The plan, prepared for the Clorox Corporation in the USA and leaked to Greenpeace, recommends labeling environmental critics as "terrorists", threatening to sue "unalterably green" journalists, and dispatching "independent scientists" on media tours as a means of counteracting bad news for the chlorine industry.
"They failed to anticipate the worst of worst case scenarios", said a Greenpeace toxics campaigner, "that some conscientious person would obtain the plan, and leak it to us".
Industry concerns result from a plummeting demand. Demand for chlorine in the US is 10% lower than a decade ago, and contract prices have fallen. At the current rate of decline, by the year 2000 the global pulp industry will consume only one-third of the chlorine it used in 1980. The phasing out of CFCs and chlorinated solvents is also having an effect.
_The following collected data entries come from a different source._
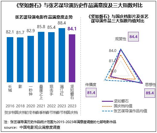 張藝謀導(dǎo)演新作《堅如磐石》獲得觀眾滿意度評分84.1分,居2023年國慶檔調(diào)查五部影片首位,也是檔期內(nèi)唯一一部滿意度超84分的影片,保持了張藝謀導(dǎo)演系列電影作品的高滿意度水平。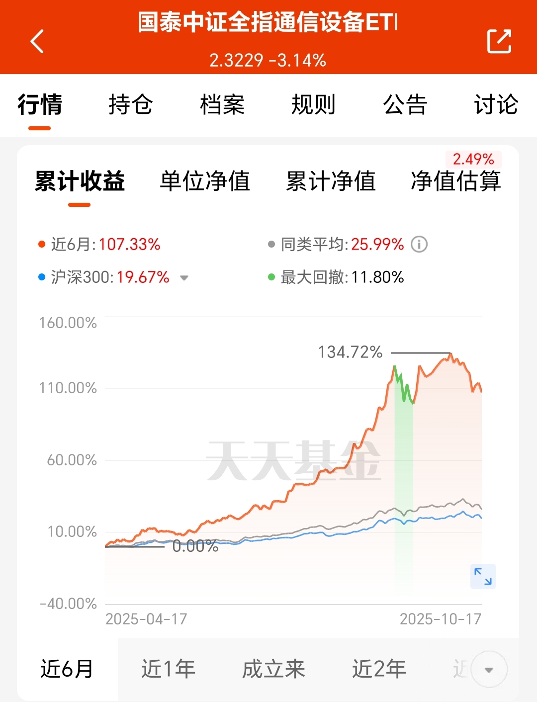 总的来说,在AI带来的算力革命和持续的政策加持下,通信设备行业的景气度有望持续。这个基金聚焦核心高成长赛道,近6个月收益率涨107.33%,相对同类平均的涨24.81%有着不错的超额收益,趁着短期跌出高性价比,今天我加仓。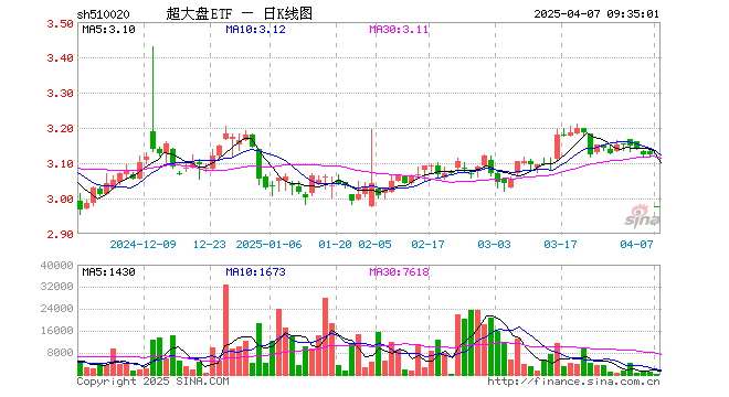 4月7日,超大盘ETF(510020)开盘跌4.71%,报2.977元。超大盘ETF(510020)重仓股方面,海光信息开盘跌4.56%,工商银行跌1.31%,农业银行跌1.15%,中国石油跌7.37%,伊利股份跌2.76%,招商银行跌4.01%,长江电力跌1.27%,兴业银行跌4.15%,中国神华跌2.41%,中国船舶跌4.45%。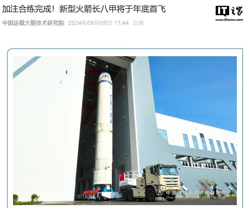 IT 之家 9 月 5 日消息,据中国运载火箭技术研究院(火箭院)今日消息,9 月 4 日,由火箭院抓总研制的新型火箭长征八号甲运载火箭(简称 " 长八甲火箭 ")合练箭在海南商业航天发射场一号发射工位顺利完成发射场合练任务。

Eurochlor, the chlorine industry's trade association, says that European production fell by 4.6% in 1990. The decrease in the UK was 7%.
Eka Nobel, Sweden's largest chlorine producer, admitted in a press release last month that chlorine production had dropped 23% since 1985, and this year two chlorine plants will have shut down.
The public relations plan was apparently prompted by fears that environmental groups would target household use of chlorine bleach. (Clorox manufactures chlorine bleach.)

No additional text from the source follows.